Plaintiff failed to provide evidence to show that defendant failed to produce a reasonably safe jungle gym, or that the jungle gym was unreasonably dangerous for its foreseeable and intended users. Plaintiff relies on the fact that he slipped to establish that the jungle gym was unreasonably dangerous. No presumption of negligence arises from the mere happening of an accident. Rotche v. Buick Motor Co. (1934), 358 Ill. 507, 516, 193 N.E.2d 529.

To recover in an action for strict liability, a plaintiff must prove (1) that an injury resulted from a condition of the product; (2) that the condition was unreasonably dangerous; and (3) that the condition existed at the time the product left the manufacturer’s control. (Hunt v. Blasius (1978), 74 Ill. 2d 203, 210, 384 N.E.2d 368.) Plaintiff contends that the lack of warnings caused his injury, but his deposition contradicts this claim. In Dunham v. Vaughan & Bushnell Manufacturing Co. (1969), 42 Ill. 2d 339, 247 N.E.2d 401, the Illinois Supreme Court defined products *385as unreasonably dangerous if they failed to perform in the manner that was reasonably expected in light of their nature and intended function. (Dunham, 42 Ill. 2d at 342.) Jungle gyms are recreational equipment to be used as such. In this case, there was no evidence presented to show that it failed to perform its function.

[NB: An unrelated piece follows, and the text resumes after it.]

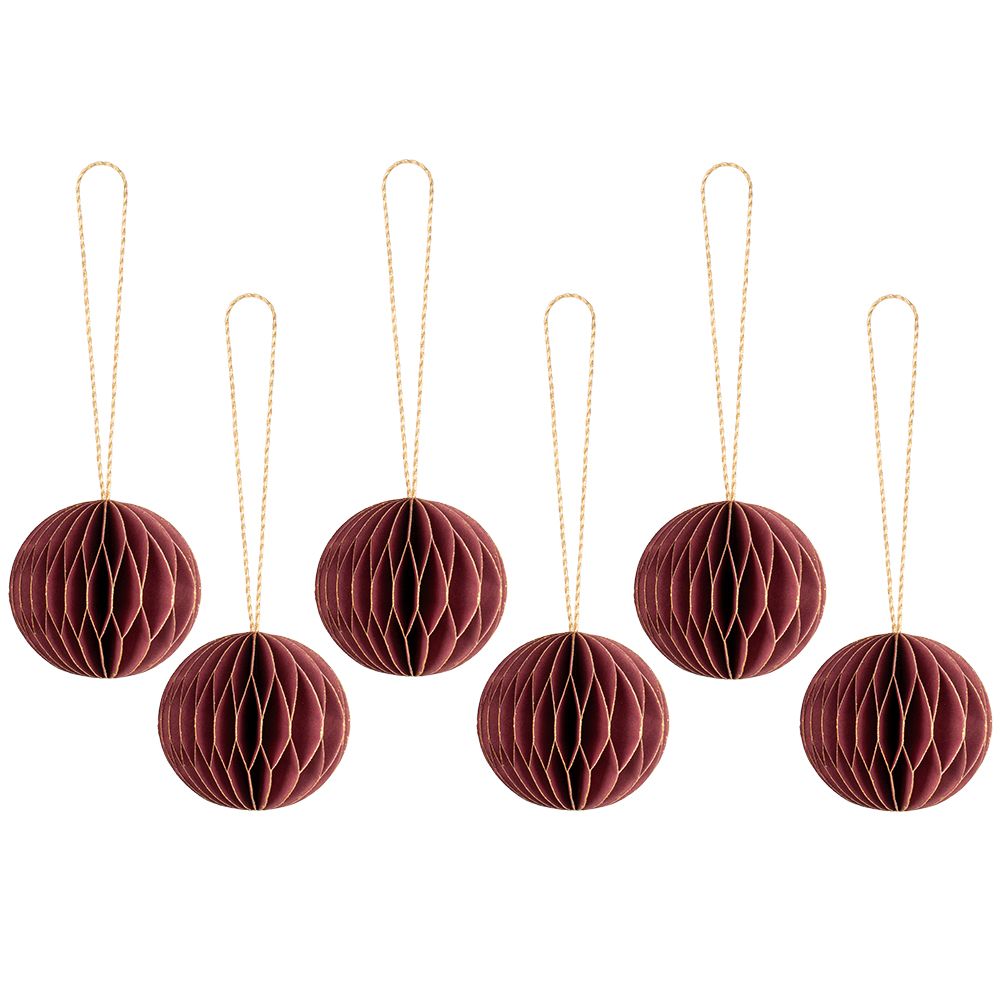 6 hochwertige Waben-Kugeln, zum Aufhängen, Ø 5 cm, dunkelrot mit goldenem Rand
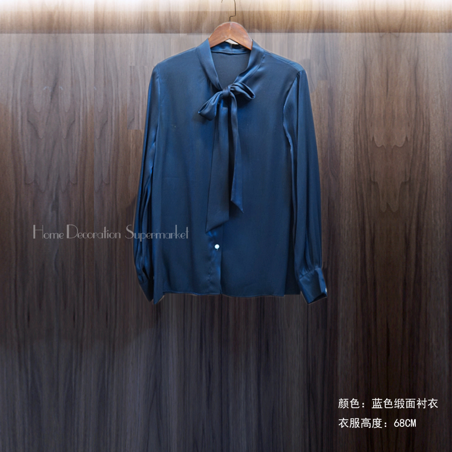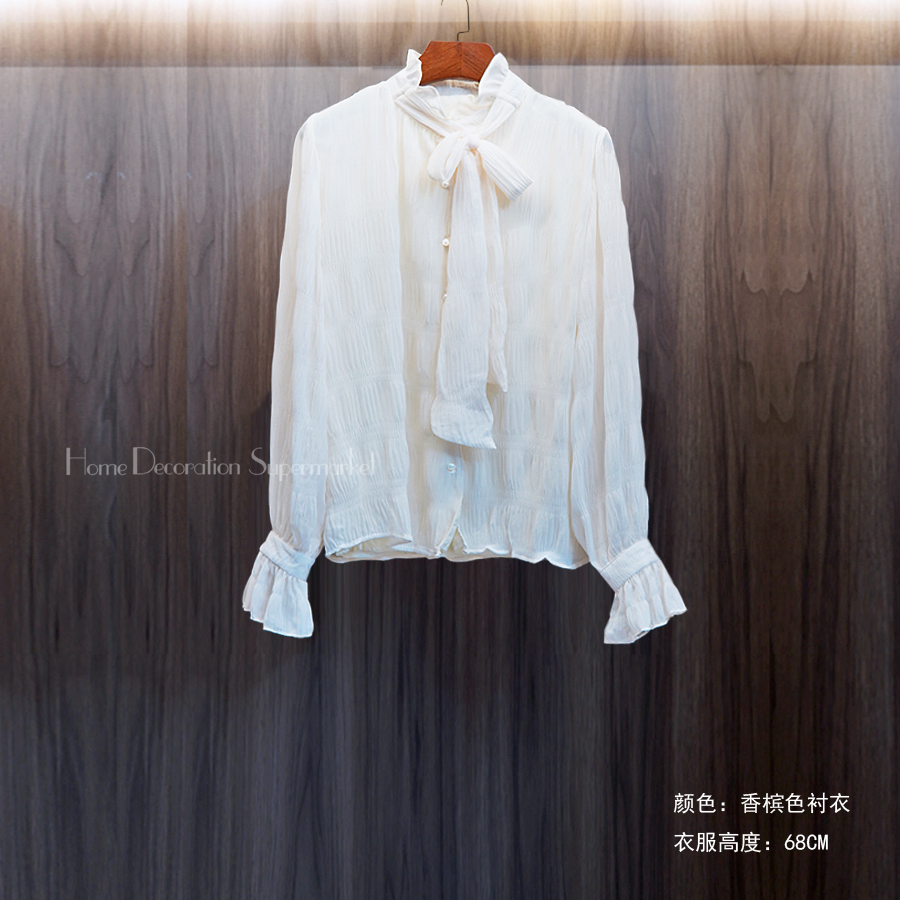 White Fabric Blue Line Blue Sain Blue Little Blue Lace Shirt with Blue Lace Shirt Little Volume Shirt Little Flower Shirt Champagne Metal Clothing Blue Lace Shirt

Finally, plaintiff failed to present evidence that the jungle gym was unreasonably dangerous when it left Northwest Design’s control. A similar proof problem arose in Miller v. Verson Allsteel Press Co. (1984), 126 Ill. App. 3d 935, 467 N.E.2d 983, where the plaintiff in that case was injured while working a punch press. The plaintiff in Miller sued the manufacturer to recover for his injuries, but he failed to present any evidence to satisfy his burden of proving that an unreasonably dangerous condition existed when the press left the manufacturer’s control. Consequently, the court affirmed summary judgment granted by the trial court.

Plaintiff relies on Pell v. Victor J. Andrew High School (1984), 123 Ill. App. 3d 423, 462 N.E.2d 858, to support its contention that defendant should be held strictly liable in tort for manufacturing and selling the jungle gym without warnings and instructions. The plaintiff in Pell suffered injuries as a result of somersaulting off a trampoline in gym class and sued the manufacturer on the theory of strict liability. In Pell plaintiff alleged that an unreasonably dangerous condition existed because of the defendant’s failure to adequately warn of the equipment’s propensity to cause severe spinal cord injuries if it was used for somersaulting without a safety device operated by a trained instructor. In affirming the jury verdict, the court determined that there was sufficient evidence from which the jury could conclude that the manufacturer’s warnings were ineffective.

The case at bar is distinguishable because the Pell case involved an insufficient warning of danger its users might not recognize while this case involves a danger even children recognize. In addition, unlike the plaintiff in Pell, the plaintiff in the instant case did not present any evidence to prove that the equipment was unreasonably dangerous.

The trial court properly found that defendants did not owe the alleged duties to plaintiff, that there were no genuine issues as to any material fact and that defendants are entitled to summary judgment as a matter of law.

For the foregoing reasons, the judgment of the circuit court is affirmed.

Affirmed.

HARTMAN, P.J., and DiVITO, J., concur.